Chris Karody Speaks Out on Remote ID for Drones: “A Billion …

Drone journalist Chris Karody is known for his in-depth analyses of thorny issues confronting the drone industry – like the Remote ID Notice of Proposed Rulemaking (NPRM.)  In our continuing series on Remote ID, we’ve published viewpoints from all areas of the industry.  This piece, republished with permission from Chris Karody of the Drone Business Center, addresses some of the issues with the basic premise of the NPRM: Will it be effective?  Will it be enforceable?  Will it really support applications like flight beyond visual line of sight (BVLOS)?  Will it limit innovation and damage the industry?

Read on for a deep discussion of the potential pitfalls of the Remote ID NPRM: comment on the NPRM here until March 2.

The article has been edited slightly for length.  The following is a guest post from drone journalist and consultant Chris Karody.  DRONELIFE neither accepts nor makes payment for guest posts.

When I first read the Remote ID (RID) NPRM I described it as a ‘fairy tale’. Then I described it as a ‘Gordian Knot’ solution to the diversity and complexity of the low altitude commons. After six weeks, I was tempted to describe it as a ‘whiteboard pipedream,’ but I have come to understand that in fact it is a ‘black hole’.

In this issue I consider how the FAA has put the cart before the horse and in so doing has put the future of the commercial UAS industry at risk; as well as severely limiting the opportunity of recreational drone pilots, modelers, FPV enthusiasts and other members of the low altitude community.


If there is one thing that these past weeks have made clear, it is that we need an association that represents allof the pilots in this space. #OneSky


[On to] to the black hole, a gravitational field so intense that no matter or radiation can escape.

It’s a simple concept – once the RID rule is published the FAA will have no choice but to implement it. At this point, each of the many assumptions that comprise the NPRM becomes a potential point of failure. They are betting the house – and your future – that their concepts can be developed and delivered at scale by private industry on a timely basis. Because while the FAA will most certainly impact this schedule, with no money in the game they have very little ability to manage
the outcome.

If there is one thing investors hate it is uncertainty. At a minimum, the program will take the better part of four calendar years. There will very likely be lawsuits over privacy issues. There is a question of the FAA’s authority to regulate commerce. By their own admission, the budget is woefully incomplete. It already comes in at over half a billion dollars of OPM – other people’s money.

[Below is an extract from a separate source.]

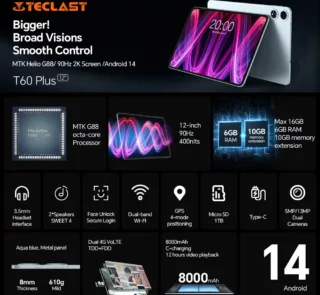 Teclast T60 Plus 12″ Tablet, 6GB+128GB, 90Hz, 4G LTE, 8000mAh

RID is a billion-dollar solution to a non-existent problem.


The FAA freely admits Draft p115:

“Although remote identification of UAS may not deter nefarious actors, it would allow the swift interdiction of the clueless and careless persons…”

Effectively what RID will do is burden the compliant in order to ‘catch‘ the careless and clueless so they can be ‘educated’.

THE NEW MATH

 

It is important to understand that nothing will change when the rule is published in 2020 or more likely 2021. It’s simply a starting point. Here is the timeline.

XVII. Proposed Effective and Compliance Dates (Draft p182-85) 

2020 – YEAR ZERO For purposes of clarity, I assume that it will take the rest of 2020 to draft the rule. Looking at the historical data, this is a best-case scenario. The rest of the schedule will expand or contract accordingly. The clock starts 60 days after the publication of the rule.

2021 – YEAR ONE The FAA writes (Draft p250) “We expect means of compliance and Remote ID USS availability to take up to one year after the effective date of the proposed rule.”

2022 – YEAR TWO Manufacturers begin work – in theory, the first products hit the market at the end of the year. How long it takes to ramp production, fill the pipeline and land quantity on shelves is a different question, as is market acceptance. Given the complexity, I expect a lot of wait and see since at this point there is no urgency to buy.

By the end of YEAR TWO, non-compliant products can no longer be sold. Ask yourself what happens if there are no, or only a few compliant models available for sale at this point. It is reasonable to argue that the cost of compliance will put numerous manufacturers out of business and keep others from entering
the market.


Easy to see how this could be bad for choices, competition and advancing the state of the art.


2023 – YEAR THREE (Draft p184) “Once UAS with remote identification are widely available, this proposal would allow an additional one- year period of time for UAS owners and operators to purchase and transition to operations of UAS with
remote identification.”

At the end of YEAR THREE, it will be illegal to fly anything not equipped with Standard or Local Remote ID. Without getting sidetracked, Local ID is a ridiculous concept. It is hard to imagine a manufacturer or a retailer wanting to support two SKUs with a minimal price difference. And it is not going to do much for an RC pilot whose Futaba doesn’t connect to the Internet.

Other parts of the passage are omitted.